The Holiday Plan are an English rock band from Hackney and Islington, London that split up in May 2005, but reformed in June 2006 (performing under a host of different names). Consisting of a bassist/vocalist Matt Rider, as well as two guitarists (Gary Jenkins and Blue Quinn) and drummer (Daniel Bodie), The Holiday Plan play melodic punk rock with dual-guitar parts, and could be classed as gruff punk. The band were featured on MTV's documentary on upcoming bands, Breaking Point, where MTV followed The Holiday Plan, as well as other bands, around as they went around touring, among other rock band duties.

The band toured with Billy Talent, Thrice, Reuben, My Awesome Compilation, Jackson, Matchbook Romance and played numerous shows with Biffy Clyro.
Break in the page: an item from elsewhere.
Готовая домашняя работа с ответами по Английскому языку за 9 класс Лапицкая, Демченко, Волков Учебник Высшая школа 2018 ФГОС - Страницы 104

Matt Rider and Daniel Bodie now play in Matt Trakker along with bass player Eoin Keeley of the ska/dub/punk band Bogus Gasman. Matt Trakker won the 2008 Road to V competition and got to perform live at the V Festival in 2008, as well as returning to play V festival in 2009. Matt Trakker are due to release their debut single in early 2010.
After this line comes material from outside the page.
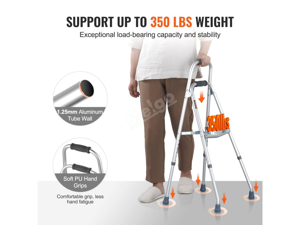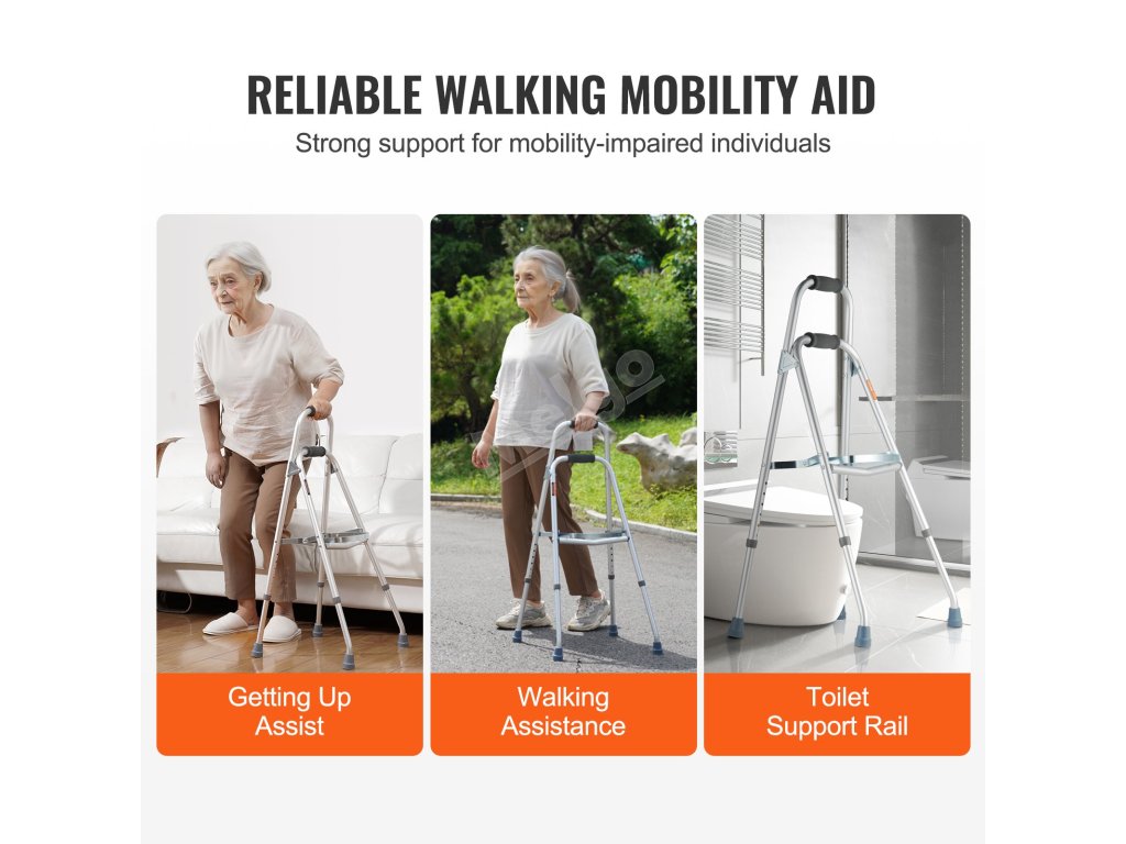Skládací půlkruhové chodítko VEVOR - váš dokonalý společník pro zvýšení mobility a nezávislosti. Díky snadnému skládání a nastavitelné výšce je navrženo pro snadné skladování a individuální použití. S nosností až 350 kg poskytuje spolehlivou stabilitu seniorům a osobám se zdravotním postižením.

Daniel Bodie moved to New Zealand in October 2010, with Max Taylor taking over on drums. Mat Elias (Name your Heroes/Brinkworth/Piper saint) joined as drummer in April 2012.

==Discography==
- The Holiday Plan (EP) – (2003)
- Wasting Time/The Green Lights EP – (2004)
- "Wasting Time" (Single) – (2004)
- "Stories" / "Sunshine" (Double A-Side Single) – (2004) #58 UK Charts
- Let's Degenerate EP – (2012)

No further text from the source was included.